[Source data]
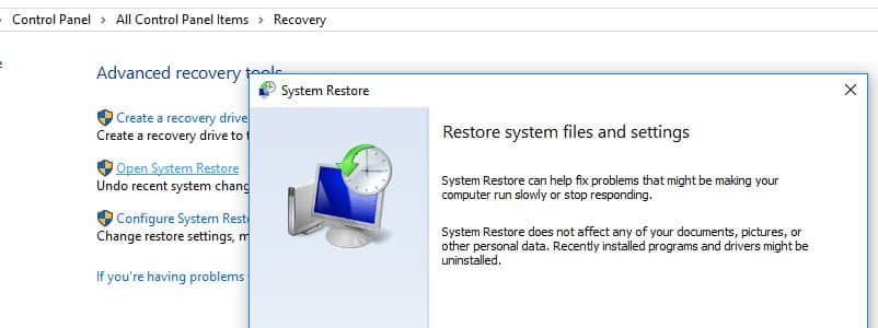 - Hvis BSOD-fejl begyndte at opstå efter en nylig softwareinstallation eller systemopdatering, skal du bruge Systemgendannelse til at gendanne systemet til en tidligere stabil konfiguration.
---
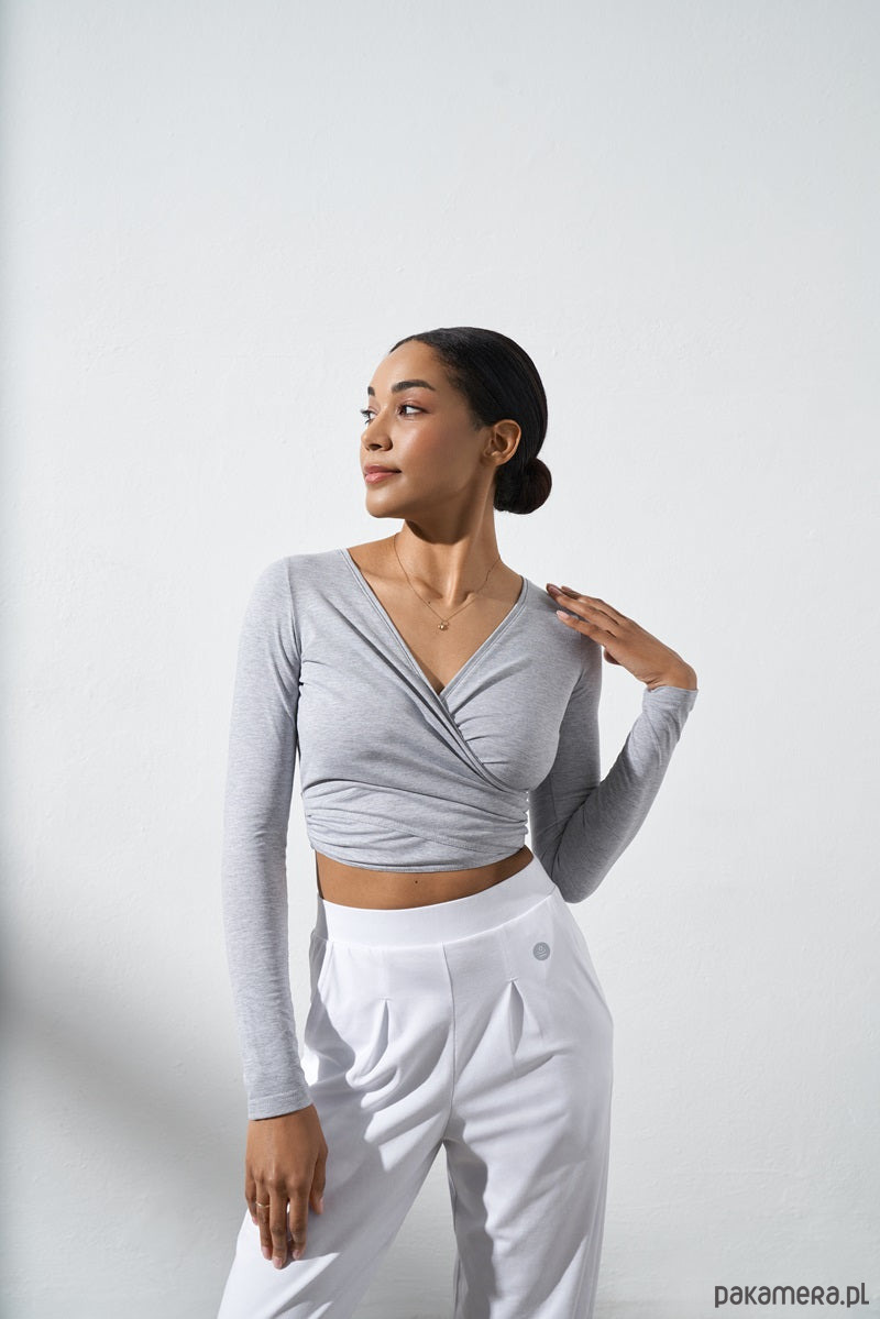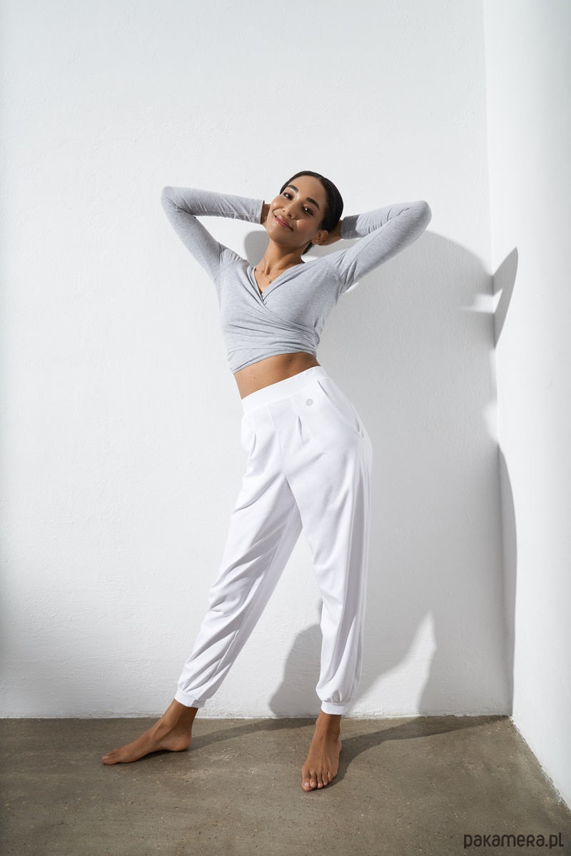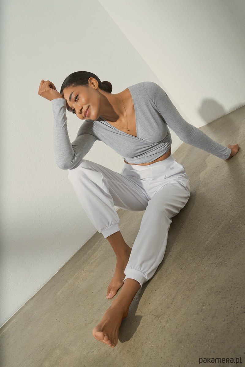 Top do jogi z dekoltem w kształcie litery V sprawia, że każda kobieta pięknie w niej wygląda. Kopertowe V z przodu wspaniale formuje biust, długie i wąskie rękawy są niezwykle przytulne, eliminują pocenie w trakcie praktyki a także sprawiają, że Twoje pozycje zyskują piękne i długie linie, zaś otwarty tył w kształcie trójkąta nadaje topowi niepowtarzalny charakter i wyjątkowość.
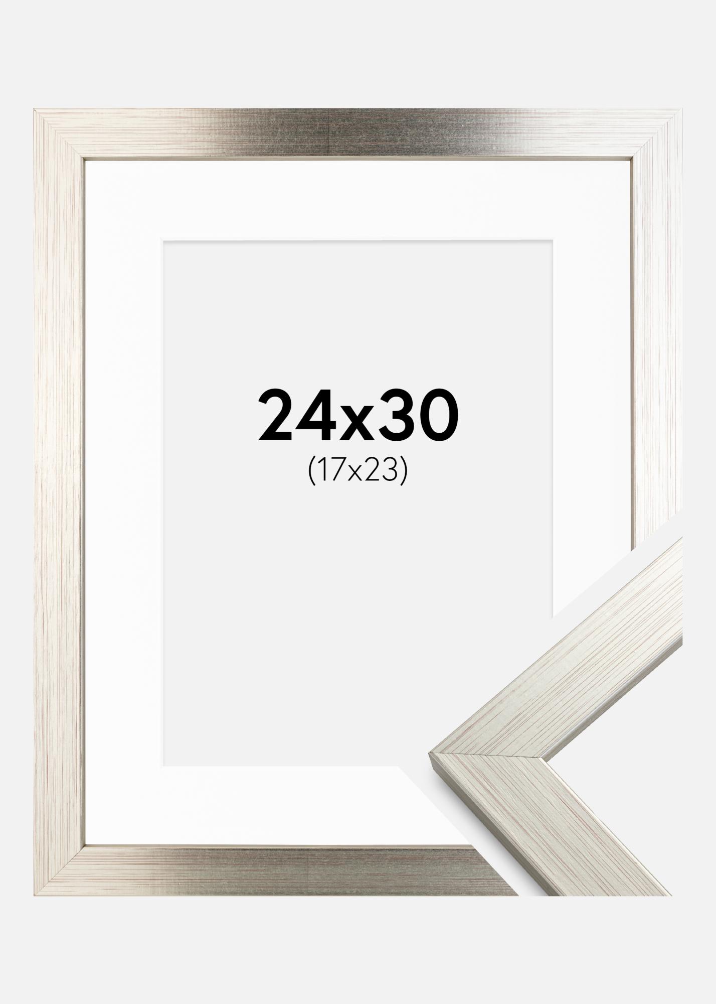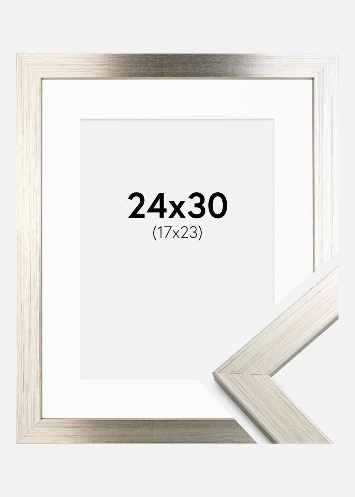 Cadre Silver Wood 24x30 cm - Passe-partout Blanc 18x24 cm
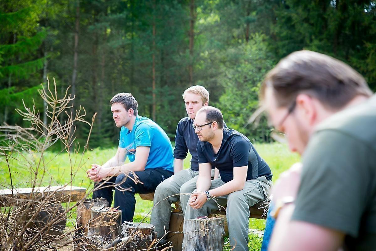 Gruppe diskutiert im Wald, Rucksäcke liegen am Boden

[Assignment] Return the lines above from the one with "Cadre Silver Wood" through the one with "Gruppe diskutiert im", verbatim and nothing else. Omit every picture.

[Exercise result]
 Cadre Silver Wood 24x30 cm - Passe-partout Blanc 18x24 cm
 Gruppe diskutiert im Wald, Rucksäcke liegen am Boden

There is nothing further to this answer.